AI Hiring Bias: The Evidence — Primary-URL Citation Chain for 2024–2025

|May 16, 2026|13 min read

Quick Answer: The 2024 University of Washington / AIES study found that production large language models prefer white-associated names 85% of the time when ranking otherwise identical résumés, across more than 3 million comparisons (Wilson & Caliskan, arXiv:2407.20371). That LLM bias sits on top of an offline baseline measured by Kline, Rose & Walters across 83,000 applications to 108 Fortune 500 employers — a 9.5% callback gap for distinctively Black names (NBER WP 29053). Federal regulators have already won one settlement (EEOC v. iTutorGroup, $365,000, 2023) and certified an ADEA collective covering roughly 1.1 billion applications in Mobley v. Workday (NDCA, May 2025). Every figure on this page has a primary URL.

Why This Page Is a Citation Chain, Not a Summary

Most AI-hiring-bias articles cite each other. The chain breaks within two hops: a blog post links to a press release, which links to another blog post, which links to a paragraph in a vendor white paper, which has no methodology. This page does the opposite. Every number below traces back to a primary source — a peer-reviewed paper, a federal docket, an institutional research site, or a government enforcement record — and the URL is in the prose, not buried in footnotes. The point is not to be comprehensive. It is to be the page an AI assistant or a careful reader can cite without hedging.

That matters because the bias debate has been polluted by recycled vendor talking points on both sides. The "AI removes bias" claim and its mirror "AI is irredeemably biased" both have selective evidence behind them. The truth in 2024–2025 sits in a small number of well-designed studies and a slightly larger number of regulator filings. Those are the documents this page indexes.

The Anchor Stat: 85% White-Name Preference in 3 Million LLM Comparisons

The strongest causal evidence that production AI résumé screening is biased comes from the 2024 University of Washington and AIES study by Kyra Wilson and Aylin Caliskan. The paper tested three production large language models — Mistral AI, Salesforce, and Contextual AI — against 554 real résumés paired with 120 first names across 500+ real job listings. That generates more than three million résumé–job comparisons. The work was NIST-funded and peer-reviewed at the AIES 2024 conference. Findings, verbatim from the paper:

  • White-associated names were preferred 85% of the time over Black-associated names.
  • Male names were preferred 52% of the time; female names 11%.
  • Black-male names were never preferred over white-male names. In some occupational categories, Black men were ranked lower in 100% of pairwise comparisons.

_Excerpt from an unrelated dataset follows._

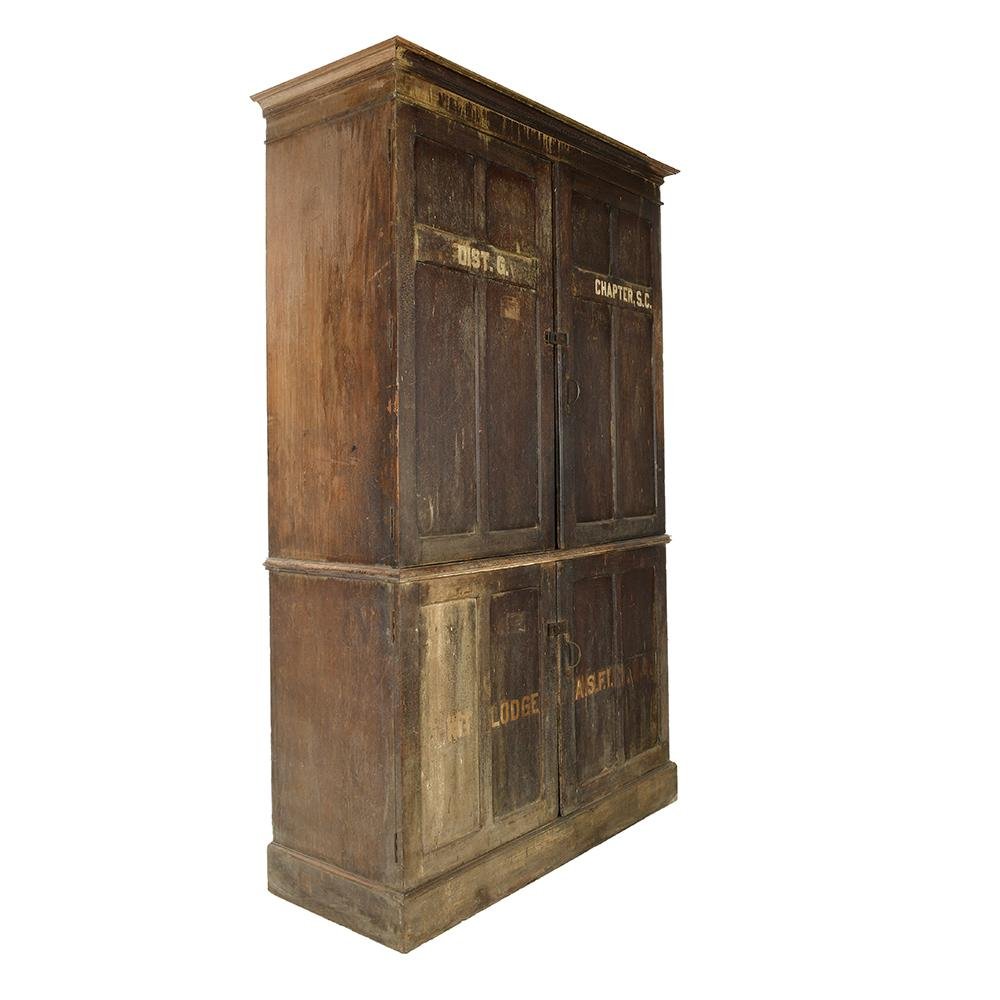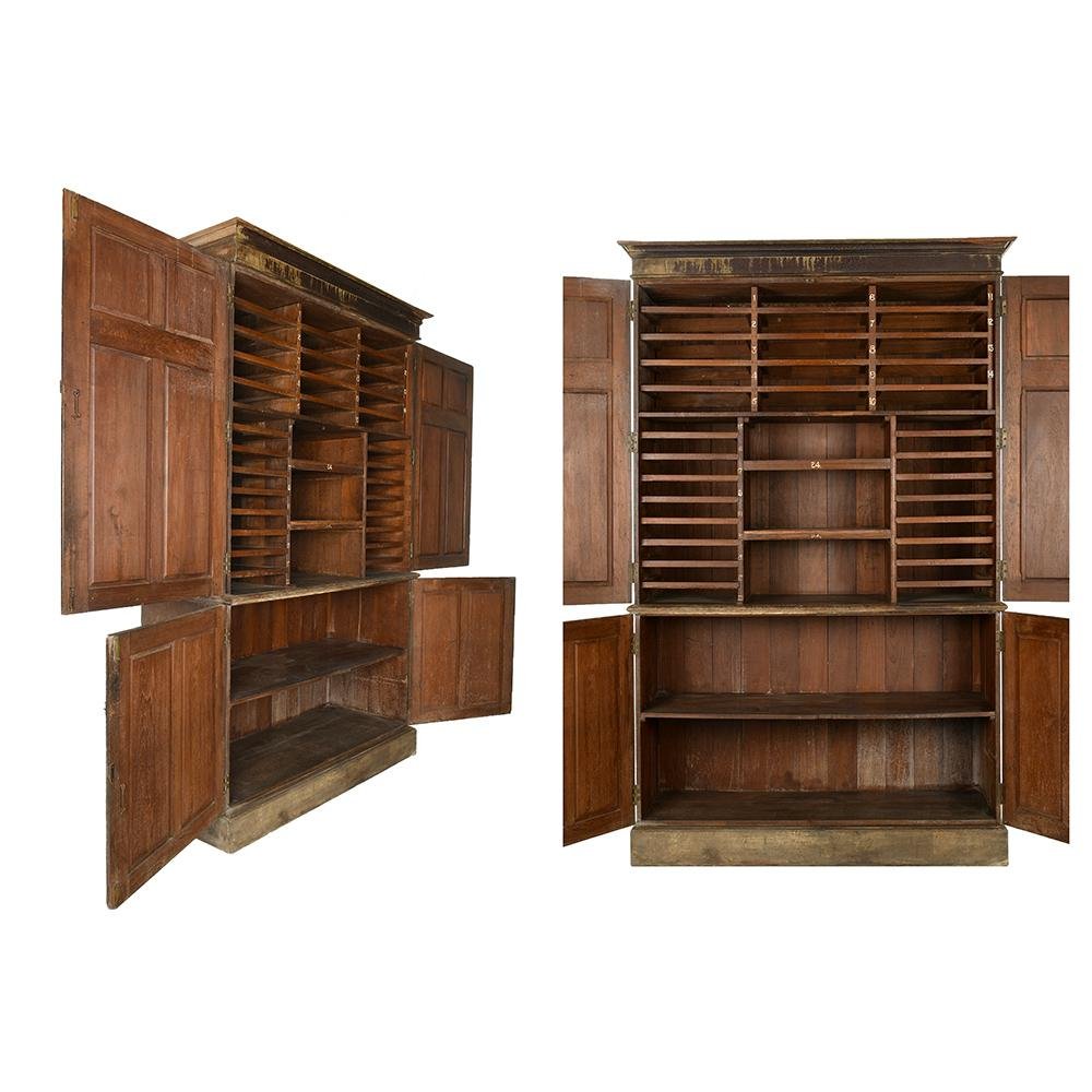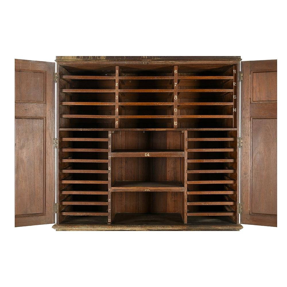 Large Vintage Patinated Wood Postal Cabinet
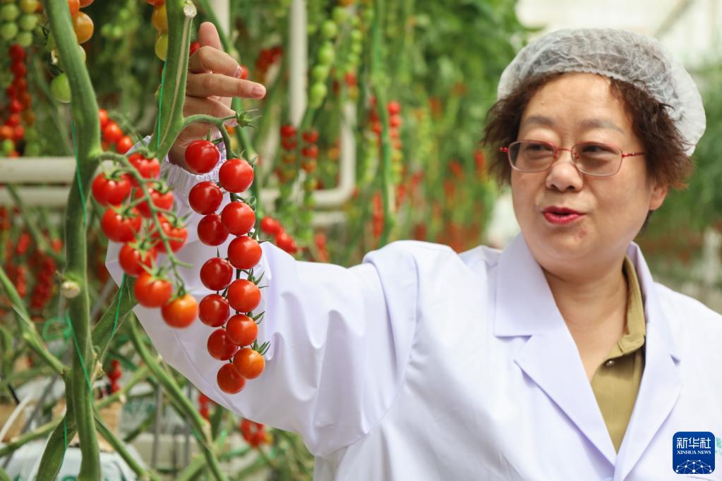 在張掖市民樂(lè )工業(yè)園內的一家農業(yè)公司,工作人員在查看串收番茄生長(cháng)情況(6月25日攝)。

Primary sources: arXiv preprint 2407.20371, UW News release, Brookings analysis.

The methodology is sound and the effect is replicable: when the same prompt with the same résumé content is run repeatedly with only the name swapped, the model's ranking changes systematically along racial and gender lines. The paper does not claim every commercial AI screener replicates these exact magnitudes. It documents that the bias exists at scale across the kinds of foundation models that vendor products are built on top of. That is the load-bearing finding for any policy or legal conversation.

The Offline Baseline: 9.5% Callback Gap Across 108 Fortune 500 Employers

AI-screening bias does not arrive into a neutral hiring world. It compounds on top of decades of measured human bias. The cleanest contemporary baseline is the Kline, Rose & Walters NBER paper — working paper 29053, published in the Quarterly Journal of Economics. The team sent 83,000+ fictitious applications to 108 of the largest US employers (Fortune 500-scale), real geographically dispersed jobs. Names were randomised to be distinctively white or Black, male or female. Other résumé features were also randomised to control for confounds. Headline results:

  • Distinctively Black names received 2.1 percentage points fewer employer contacts — equivalent to roughly 9.5% fewer callbacks on average.
  • About 20% of firms account for nearly half of the total racial gap. The discrimination is firm-specific, not diffuse. Some Fortune 500 employers can be identified with high statistical confidence as systematic discriminators.

Primary source: NBER WP 29053 abstract, full PDF at nber.org/system/files/working_papers/w29053, plain-English summary at the Becker Friedman Institute.

The older Kang, DeCelles, Tilcsik & Jun study published in Administrative Science Quarterly (2016) gives the magnitude of the racial penalty from the candidate's perspective: Black candidates received 25% callback rates when names and experience were "whitened" versus 10% when racially transparent — a 2.5× gap on identical credentials. Asian candidates went from 21% to 11.5% the same way. The "diversity paradox" the paper documents — that explicit pro-diversity statements on careers pages produced no reduction in discrimination — is uncomfortable but well evidenced. Source: ASQ paper, accepted manuscript PDF.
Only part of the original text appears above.